Table C.2.1 illustrates that even if a perfect method is used, validity of such methods varies by their application.

Table C.2.1 Theoretical validity of a ‘gold-standard’ measurement by exposure type.

N times of the assessment (N participants) Once
(n = 5)
1000 times*
(n = 5)
Once
(n = 50,000)†
1000 times*
(n = 50,000)†
Internal validity
Exposure on a specific day of each person Valid‡ Valid‡ Valid‡ Valid‡
Habitual exposure* of each person ? Valid‡ ? Valid‡
External validity
Average habitual exposure* of the population ? ? Valid‡ Valid‡
Variation of habitual exposure* of the population ? ? ? Valid‡
% of the population meeting a certain public guideline or clinical cut-off ? ? ? Valid‡
* Assumed to be sufficient to represent a habitual condition over a long period in a person.
† Assumed to be sufficient to represent the source population.
‡ Assumed to have no change in participant’s characteristics in response to each measurement and to have no errors in measurement, processing, and analysis.

For example, gold-standard measures of 24-hour calorimetry in 50,000 people can capture energy expenditure of a specific day of each person.
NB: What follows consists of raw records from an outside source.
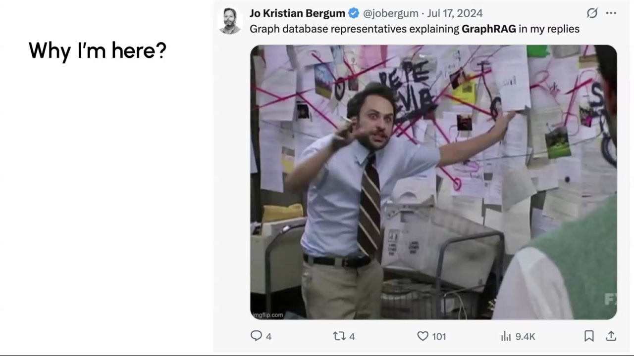Jo argues this is flawed thinking. There is no single tool that will solve all your problems. The desire to map a new technique (GraphRAG) to a technology (a graph DB) is a trap many engineers fall into.
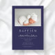 Personalisiert Navy Blue Modern Boy Foto Taufe Einladung.
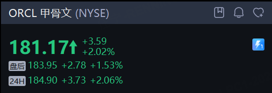 科技股夜盘普涨。甲骨文 涨超2%,AMD、迈威尔科技涨超1%,特斯拉涨近1%。
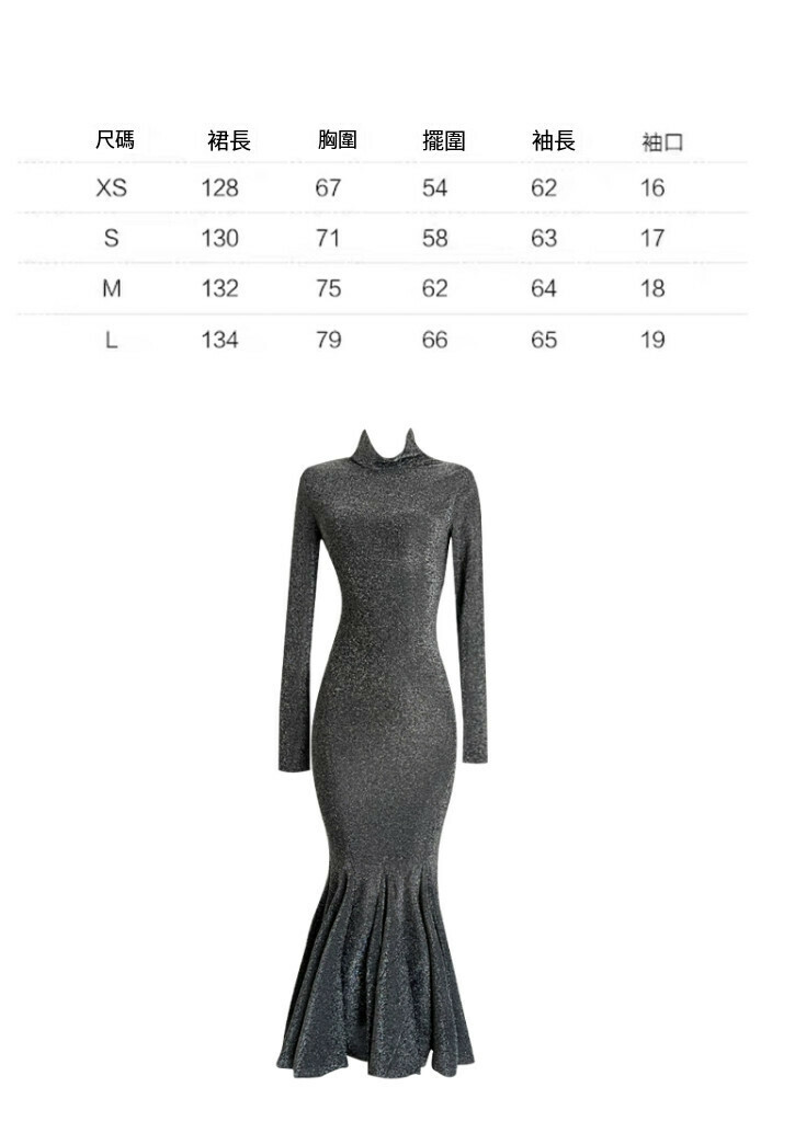 熱賣針織魚尾連衣裙【銀色】尺碼【S碼—L碼】【下單後請聯絡客服確認發貨尺碼】

Also, even if we know that energy expenditure varies by time, the average of 50,000 measures can be valid to estimate an average of habitual energy expenditure of the parent population.

However, those 50,000 measures do not provide a valid measure of variability of habitual energy expenditure between different individuals. This limitation is because an estimate of variability mixes both between-person and within-person variability together (reliability), precluding a study on between-person variability on. If there is no or little within-person variability in a measurement (e.g. knee height), measuring many individuals just once allows inference of between-individual variability.

References

  1. Albanes D, Conway JM, Taylor PR, Moe PW, Judd J. Validation and comparison of eight physical activity questionnaires. Epidemiology. 1990;1(1):65-71.
  2. Bland JM, Altman DG. Statistical methods for assessing agreement between two methods of clinical measurement. Lancet. 1986;1(8476):307-10..
  3. Charlton KE, Steyn K, Levitt NS, Jonathan D, Zulu JV, Nel JH. Development and validation of a short questionnaire to assess sodium intake. Public Health Nutr. 2008;11(1):83-94.
  4. Johnson F, Wardle J, Griffith J. The Adolescent Food Habits Checklist: reliability and validity of a measure of healthy eating behaviour in adolescents. Eur J Clin Nutr. 2002;56(7):644-9.
  5. Kelly P, Fitzsimons C, Baker G. Should we reframe how we think about physical activity and sedentary behaviour measurement? Validity and reliability reconsidered. Int J Behav Nutr Phys Act. 2016;13:32.
  6. Kurtze N, Rangul V, Hustvedt BE. Reliability and validity of the international physical activity questionnaire in the Nord-Trondelag health study (HUNT) population of men. BMC Med Res Methodol. 2008;8:63.
  7. Ommundsen Y, Page A, Ku PW, Cooper AR. Cross-cultural, age and gender validation of a computerised questionnaire measuring personal, social and environmental associations with children's physical activity: the European Youth Heart Study. Int J Behav Nutr Phys Act. 2008;5:29.
  8. Rennie KL, Wareham NJ. The validation of physical activity instruments for measuring energy expenditure: problems and pitfalls. Public Health Nutr. 1998;1(4):265-71.
  9. Schmidt ME, Steindorf K. Statistical methods for the validation of questionnaires--discrepancy between theory and practice. Methods Inf Med. 2006;45(4):409-13.